# Some Applications of Trigonometry

**Exercise 1**

**1.** A circus artist is climbing a 20 m long rope, which is tightly stretched and tied from the top of a vertical pole to the ground. Find the height of the pole, if the angle made by the rope with the ground level is 30^{0} (see figure).

**2.** A tree breaks due to storm and the broken part bends so that the top of the tree touches the ground making an angle 30^{0} with it. The distance between the foot of the tree to the point where the top touches the ground is 8 m. Find the height of the tree.

**3.** A contractor plans to install two slides for the children to play in a park. For the children below the age of 5 years, she prefers to have a slide whose top is at a height of 1.5 m and is inclined at an angle of 30^{0} to the ground, whereas for elder children, she wants to have a steep slide at a height of 3 m and inclined at an angle of 60^{0} to the ground. What should be the length of the slide in each case?

**4.** The angle of elevation of the top of a tower from a point on the ground, which is 30 m away from the foot of the lower is 30^{0}. Find the height of the tower.

**5.** A kite is flying at a height of 60 m above the ground. The string attached to the kite is temporarily tied to a point on the ground. The inclination of the string with the ground is 60^{0}. Find the length of the string, assuming that there is no slack in the string.

**6.** A 1.5 m tall boy is standing at some distance from a 30 m tall building. The angle of elevation from his eyes to the top of the building increases from 30^{0} to 60^{0} as he walks towards the Find the distance he walked towards the building.

**7.** From a point on the ground, the angles of elevation of the bottom and the top of a transmission tower fixed at the top of a 20 m high building are 45^{0} and 60^{0} respectively. Find the height of the tower.

**8.** A statue, 1.6 m tall, stands on the top of a postal. From a point on the ground, the angle of elevation of the top of the statue is 60^{0} and from the same point the angle of elevation of the top of the pedestal is 45^{0}. Find the height of the pedestal.

**9.** The angle of elevation of the top of a building from the foot of the tower is 30^{0} and the angle of elevation of the top of the tower from the foot of the building is 60^{0}. If the tower is 50 m high, find the height of the building.

**10. ** Two poles of equal heights are standing opposite each other on either side of the road, which is 80 m wide.
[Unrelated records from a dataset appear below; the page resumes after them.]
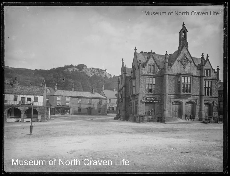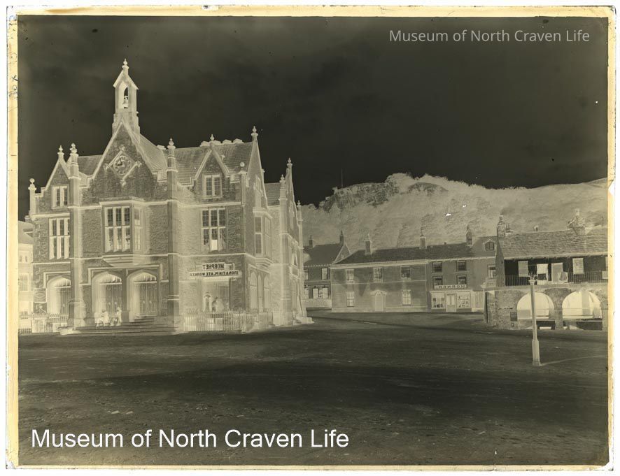 A full-plate gelatin silver glass negative. A view of Settle Market Place. The Town Hall stands on the right with the Shambles to the left (single storey)Collection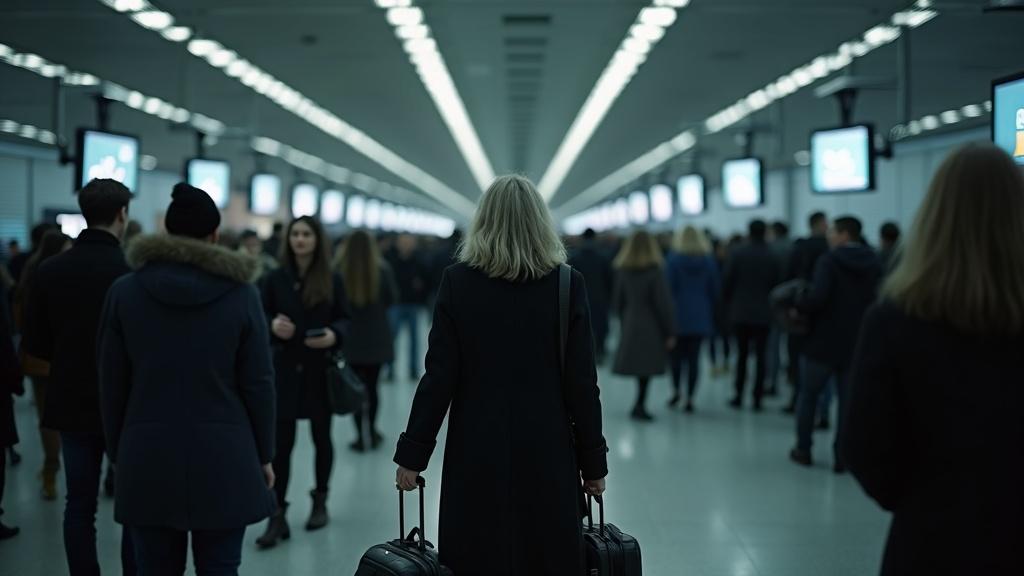 В зале регистрации царил ровный свет, но он не приносил уюта — потолочные лампы излучали холодное белое сияние, словно уставшее от бесконечного дня. За широкими окнами растекалось серое, почти безжизненное небо поздней осени; на стекле у входа остались следы высохших дождевых капель. Очередь к стойкам регистрации извивалась между натянутыми лентами, медленно продвигаясь вперёд. Пассажиры двигались неторопливо, время от времени бросая взгляды на табло и часы над стойками.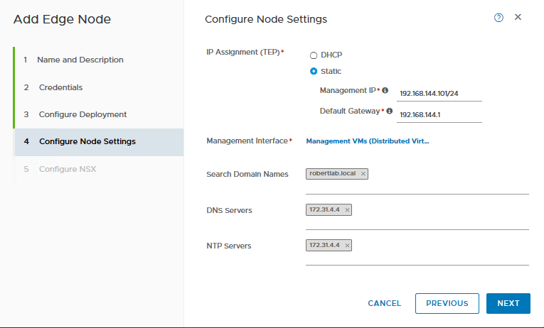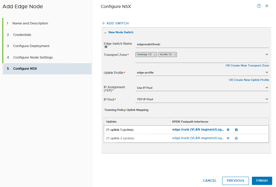 And finally we configure the N-VDS. Now I can hear you thinking ‘but we’re using VDS7 so that we wouldn’t need the N-VDS’! Yes, but no. The N-VDS we configure here is internal to the Edge node, it won’t show up in vCenter. Since the edge nodes have their own TEPs, they need the N-VDS.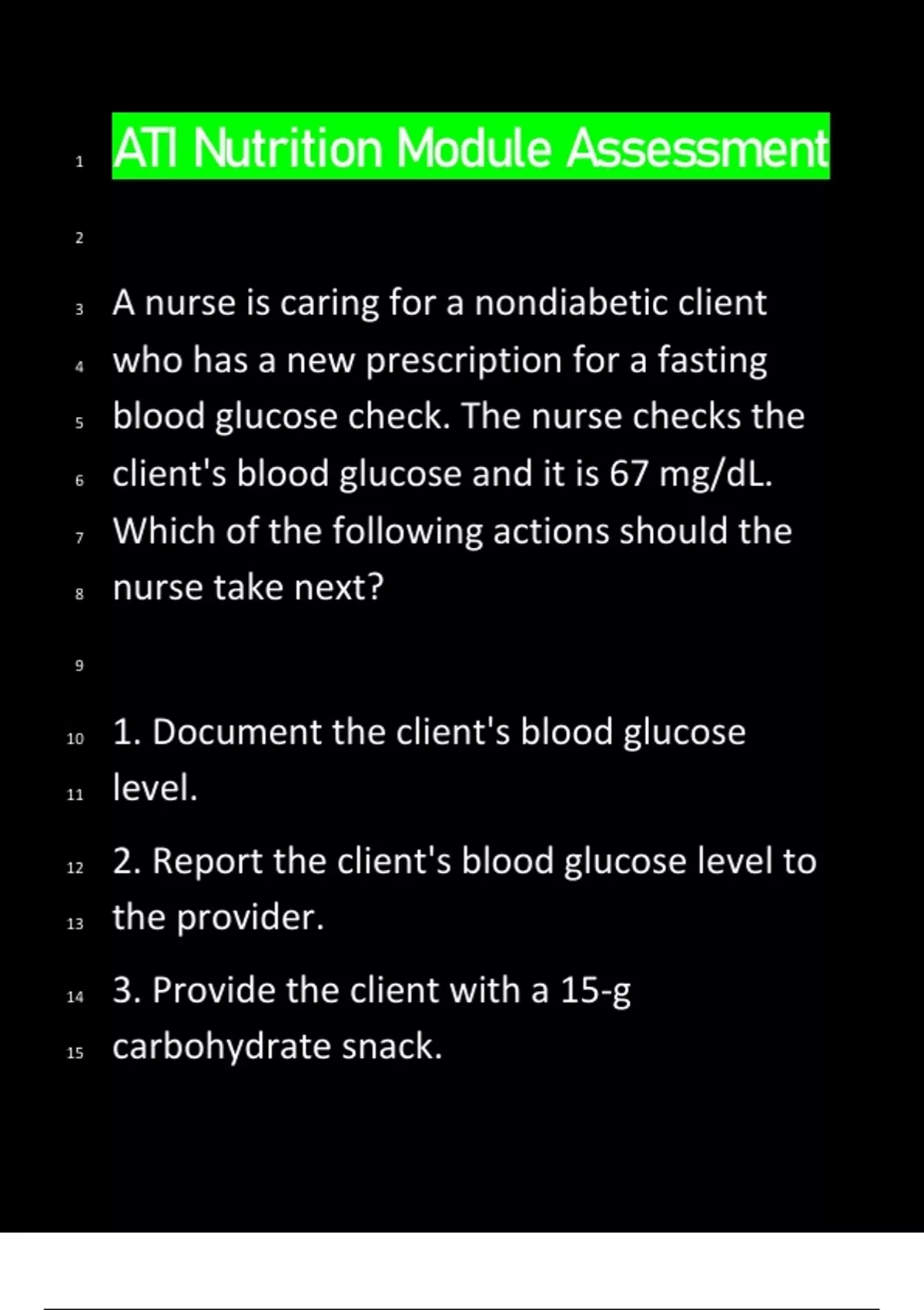 ATI Nutrition Module Assessment 1 2 A nurse is caring for a nondiabetic client 3 who has a new prescription for a fasting 4 blood glucose check. The nurse checks the 5 client's blood glucose and it is 67 mg/dL. 6 Which of the following actions should the 7 nurse take next? 8 9 1. Document the client's bl ood glucose 10 level. 11 2. Report the client's blood glucose level to 12 the provider. 13 3. Provide the client with a 15 -g 14 carbohydrate snack. 15 4. Recheck the blood sugar in 15 min. - 16 ANSWER -3. Provide the client with a 15 -g 17 carbohydrate snack. 18 19 A nurse is caring for a client who is receiving 20 tube feedings via PEG. Which of the 21 following actions should the nurse 22 implement in order to help prevent the 23 client from aspirating? 24 25 1. Keep the client's head elevated to at least 26 30° for a minimum of 1 hr after a feeding. 27 2. Verify the initial tube placement with an 28 x-ray after the first feeding. 29 3. Check the client's tube feeding tolerance 30 every 12 hr. 31 4. Check the pH of the gastric contents each 32 day. - ANSWER -1. Keep the client's head 33 elevated to at least 30° for a minimum of 1 34 hr after a feeding. 35 36 A nurse is caring for a client who is 37 prescribed a low glycemic index diet. The 38 client states, "I don't understand what this 39 means." Which of the following responses 40 should the nurse make? (Select all that 41 apply.) 42 43 1. "The glycemic index of a food relates to 44 its ability to increase the blood glucose 45 level." 46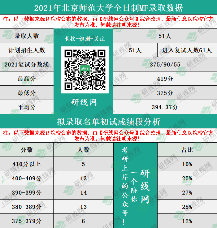 复试分数线为375/90/55,录取最高分为419分,最低分375分,平均分为394.37分。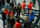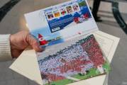 Молодой человек у стенда с маркой - фотограф Dan Harper, чей снимок лег в основу марки. Было интересно наблюдать, как люди, участники флага, выискивали себя на марке и как радовались, найдя. Кроме футболки, каждый получил коллекционный набор всех новых марок и почтовую открытку с флагом.

From a point between them on the road, the angles of elevation of the top of the poles are 60^{0} and 30^{0} respectively. Find the height of the poles and the distances of the point from the poles.

**11. ** A TV tower stands vertically on a bank of a canal. From a point on the other bank directly opposite the tower, the angle of elevation of the top of the tower is 60^{0}. From another point 20 m away from this point on the line joining this point to the foot of the tower, the angle of elevation of the top of the tower is 30^{0} (see figure). Find the height of the tower and the width of the canal.

**12.** From the top of a 7 m high building, the angle of elevation of the top of a cable tower is 60^{0} and the angle of depression of its foot is 45^{0}. Determine the height of the tower.

**13.** As observed from the top of a 75 m high lighthouse from the sea-level, the angles of depression of two ships are 30^{0} and 45^{0}. If one ship is exactly behind the other on the same side of the lighthouse, find the distance between two ships.

**14.** A 1.2 m tall girl spots a balloon moving with the wind in a horizontal line at a height of 88.2 m from the ground. The angle of elevation of the balloon from the eyes of the girl at any distant is 60^{0}. After some time, the angle of elevation reduces to 30^{0} (see figure). Find the distance travelled by the balloon during the interval.

**15. ** A straight highway leads to the foot of a tower. A man standing at the top of the tower observes a car at an angle of depression of 30^{0}, which is approaching the foot of the tower with a uniform speed. Six seconds later, the angle of depression of the car is found to be 60^{0}. Find the time taken by the car to reach the foot of the tower from this point.

**16. ** The angles of elevation of the top of a tower from two points at a distance of 4 m and 9 m from the base of the tower and in the same straight line with it are complementary. Prove that the height of the tower is 6 m.